(fɪˈnæns, ˈfaɪ næns)
feel the pinch To sense one’s precarious financial position; to be in a tight spot. In this expression, pinch carries its figurative meaning of an internal twinge of emotional discomfort. The expression most often refers to an economic situation which warrants austerity measures.
grubstake Money advanced in exchange for a share in a venture’s expected return. The term, dating from at least 1863, originally referred to money “staked” to prospectors for “grub” and other provisions in return for a part of the profits from their finds.
The farmer realizes the … plight of the out-of-work who … is left without a grubstake between himself and hunger. (The Atlantic Monthly, March, 1932)
in the black Making a profit; out of debt. This Americanism is so called from the bookkeeping practice of entering profits in black ink. It is synonymous with out of the red.
This time she appeared at the Italian Village, and within two weeks she had pulled it out of the red ink and into the black. (American Mercury, July, 1935)
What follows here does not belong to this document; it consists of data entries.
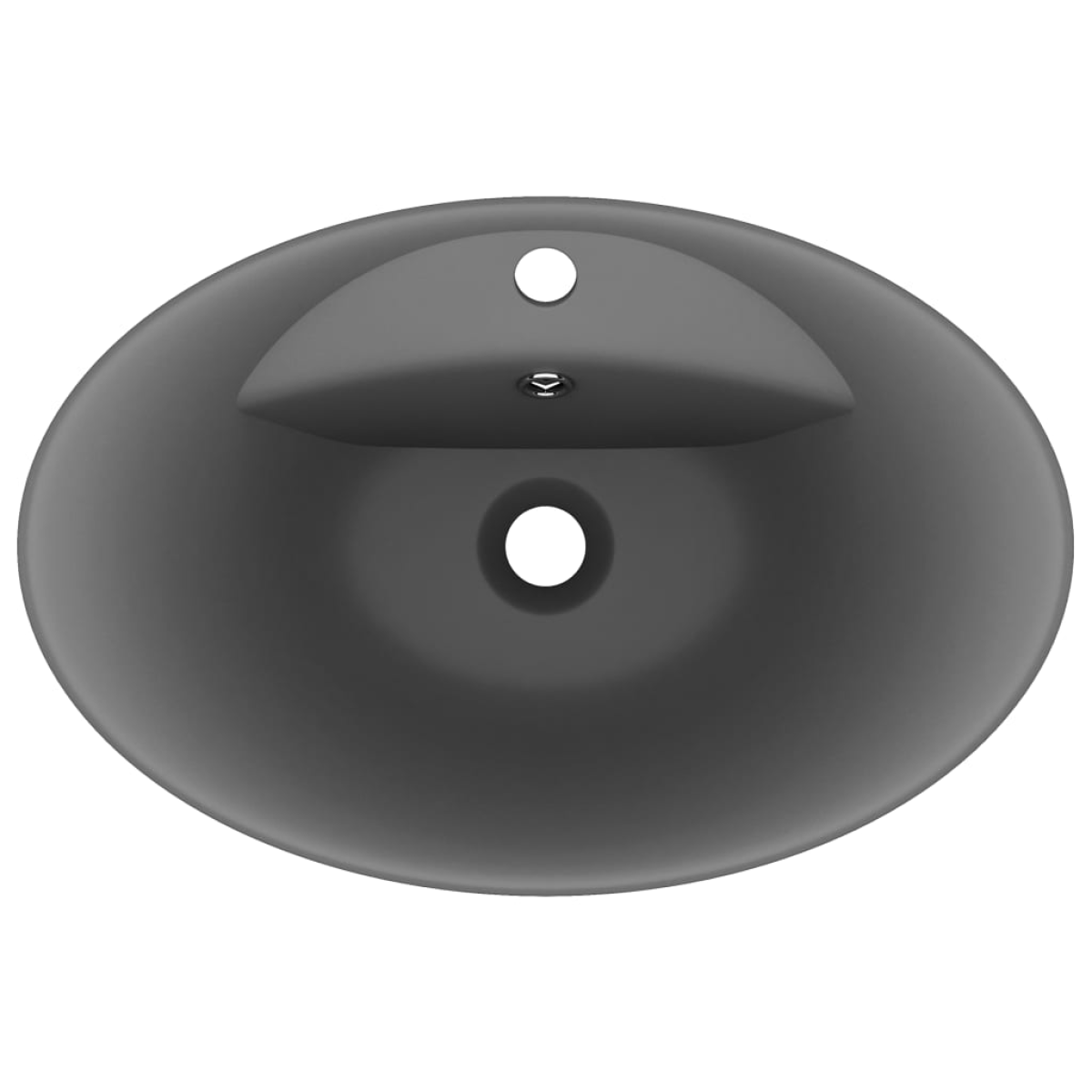 vidaXL Luxury Basin Overflow Oval Matt Dark Grey 58.5x39 cm Ceramic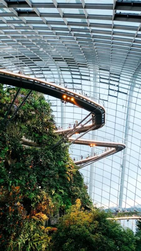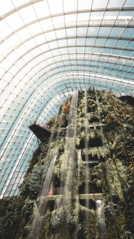 滨海湾花园大概是最能感受花园岛国气息的景点了,一眼看去满眼都是绿色。18颗擎天大树组成了独具一格的垂直花园,夜晚灯光亮起,仿佛进入阿凡达的奇幻世界。走进室室内的“云之森林”,7层楼高的瀑布飞流直下,真有种飞流直下三千尺的感觉。里面冷气很足,记得为宝宝带衣服哦。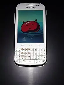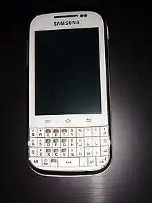Samsung Galaxy Chat GT-B5330 is an Android-based smartphone by Samsung,[1] announced in July 2012 and released in August 2012. Its main features are 3G connection with speeds up to 7.2Mbit/s and Wi-Fi.[2]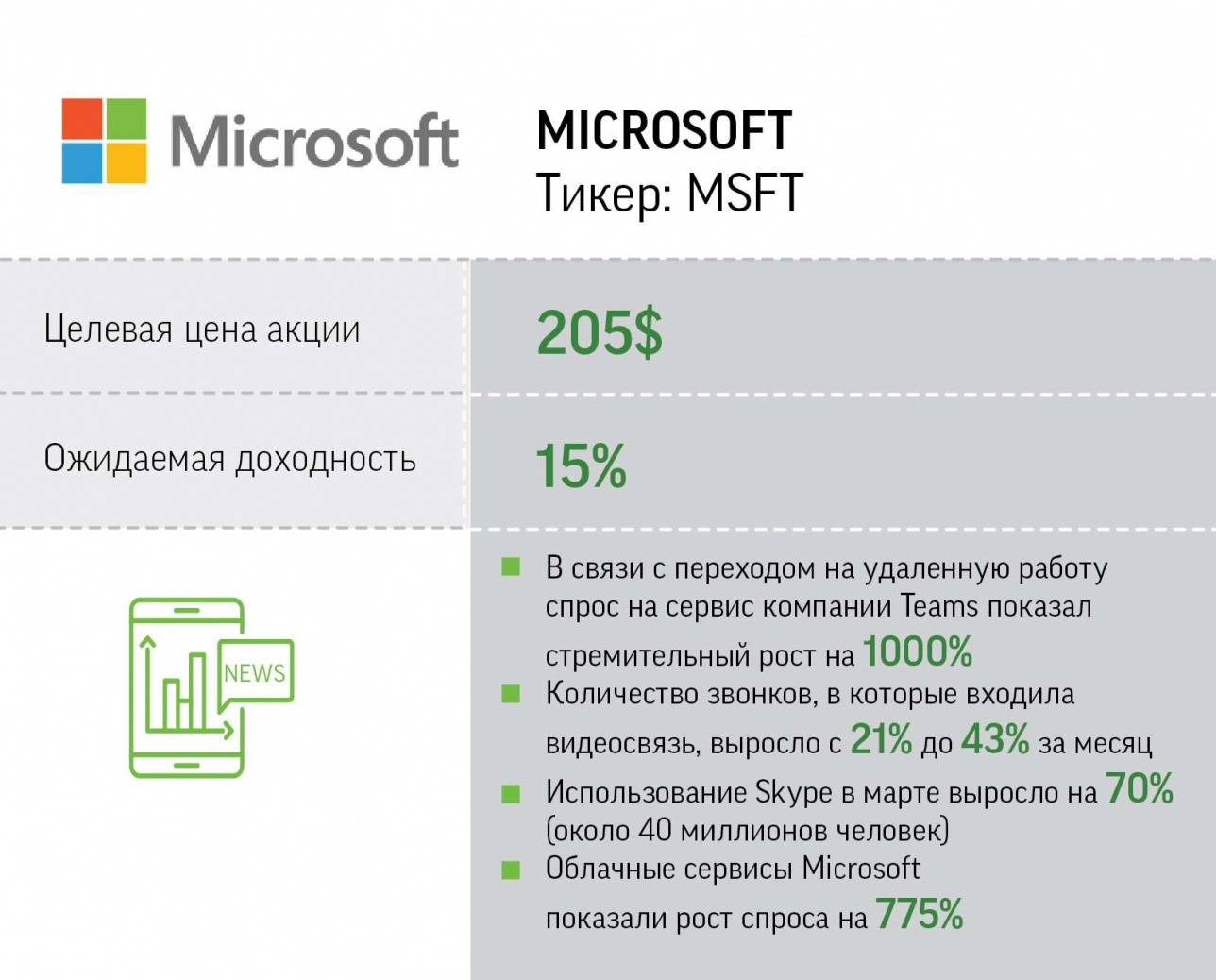 Один из драйверов будущего роста в том, что до вспышки вируса компания предоставила сильный прогноз на следующий квартал, что говорит о продолжении роста ключевых бизнес-сегментов. В III квартале компания прогнозирует прибыль в размере $34,1- 34,9 млрд (консенсус – $34,15 млрд), включая прогноз роста сегмента Intelligent Cloud в диапазоне $11,85-$12,05 млрд.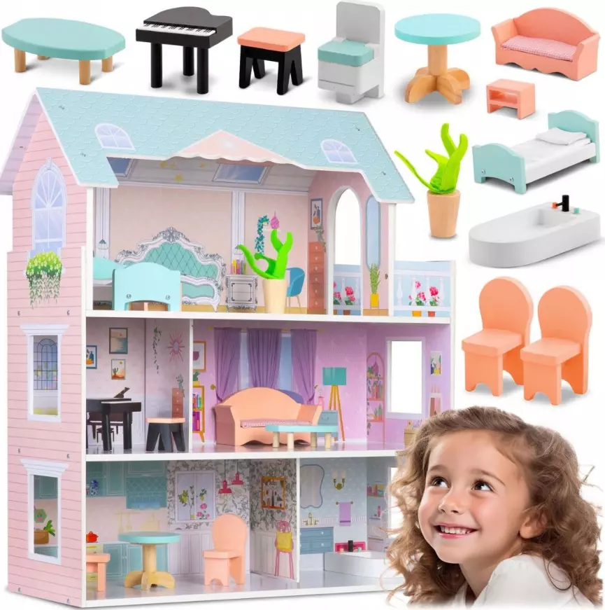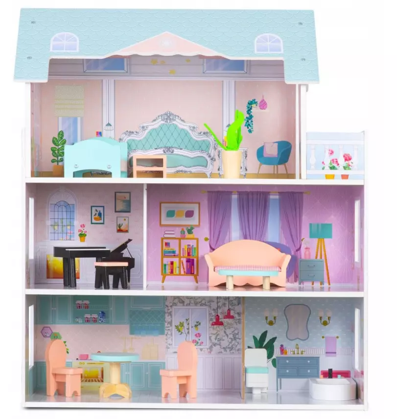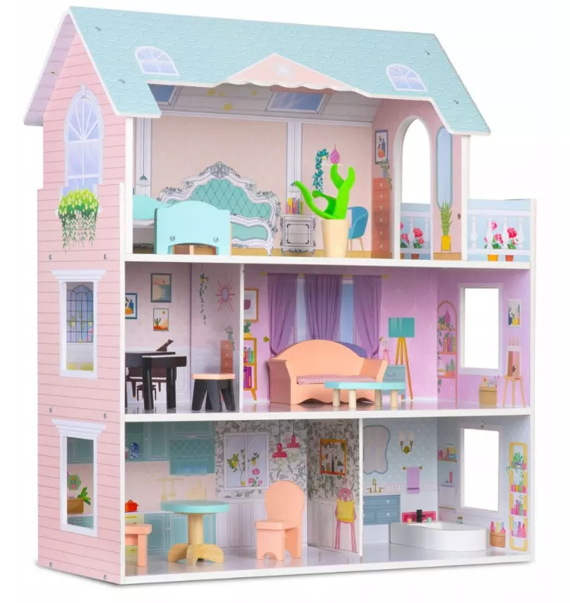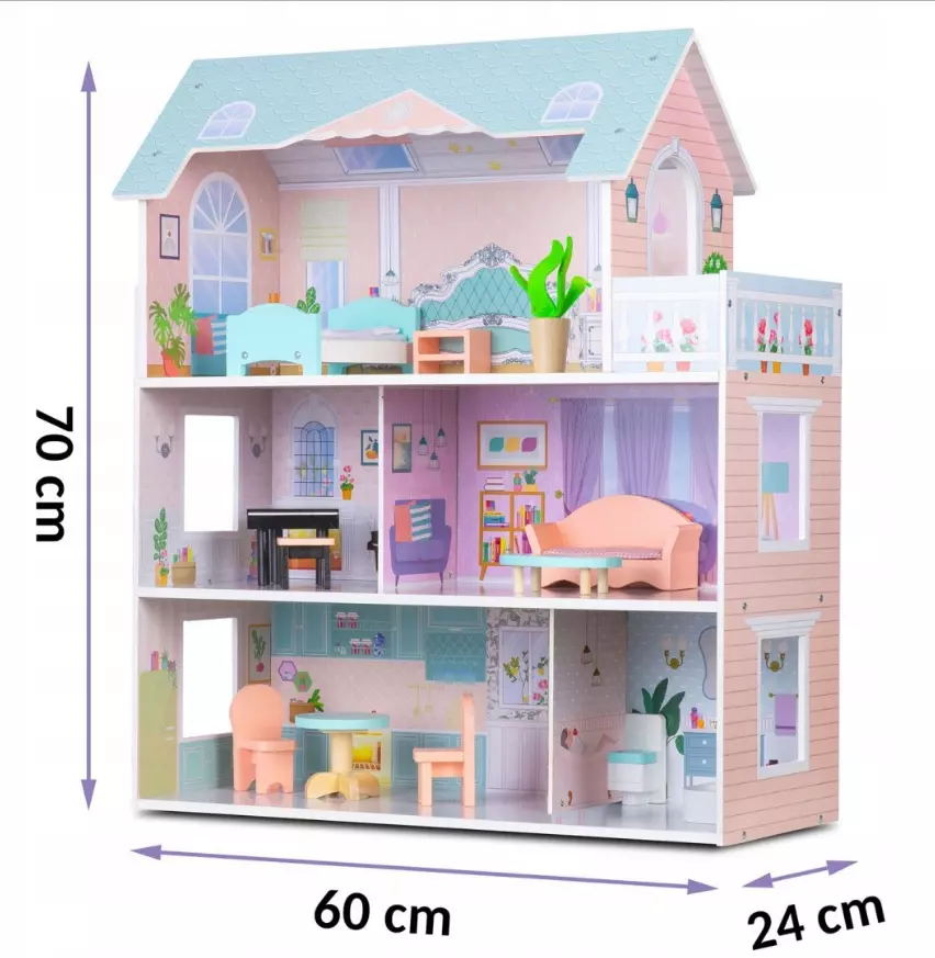 Будинок у гарних тонах, з великою кількістю дерев'яних меблів не залишить вашу дитину байдужою! Основні характеристики: У комплекті дерев'янні меблі! цілих три поверхи в будинку стабільна, міцна конструкція просте складання

on a shoestring Dependent upon a very small sum of money; relying on a meager amount of money as capital in a working investment. This colloquial meaning of shoestring has been common in the U.S. since the early part of the century, though precisely how it acquired this sense is unclear. Perhaps shoestring was equivalent to “the cost of a shoestring.”
They accomplished their elegance on a shoestring, too. (Ward County [North Dakota] Independent, July, 1944)
play the papers To gamble. This obsolete Americanism was current in the 19th century.
Poor Kit was in a bad way one hour before we parted. The fact is, you know, he’d bin playin’ the papers (meaning gamblin’) and had lost everything. (De Witt C. Peters, The Life and Adventures of Kit Carson, 1858)
A similar expression with specific reference to horse racing is play the ponies.
prime the pump To attempt to rejuvenate an enterprise by channeling money into it; to try to maintain or stimulate economic activity through government expenditure. A pump is primed or prepared for use by pouring water into it to produce suction. The expression was used figuratively by T. W. Arnold, as cited in Webster’s Third:
This spending has not yet primed the pump.
salt away To save or hold in reserve money or other valuables for future use; to build a nest egg. The figurative meaning of this expression is derived from its literal one, i.e., preserving meat or other perishables by adding salt.
[There is] no one to hinder you from salting away as many millions as you can carry off! (R. W. Chambers, Maids of Paradise, 1902)
sock away To set aside money in a savings account; to save or put money in reserve. This American expression implies that the money is being stowed away for some future investment. It may derive from the days when socks were a common storage receptacle for one’s savings. The phrase appeared in Life, as cited by Webster’s Third:
(He) has socked away very little of his earnings with which to buy a ranch.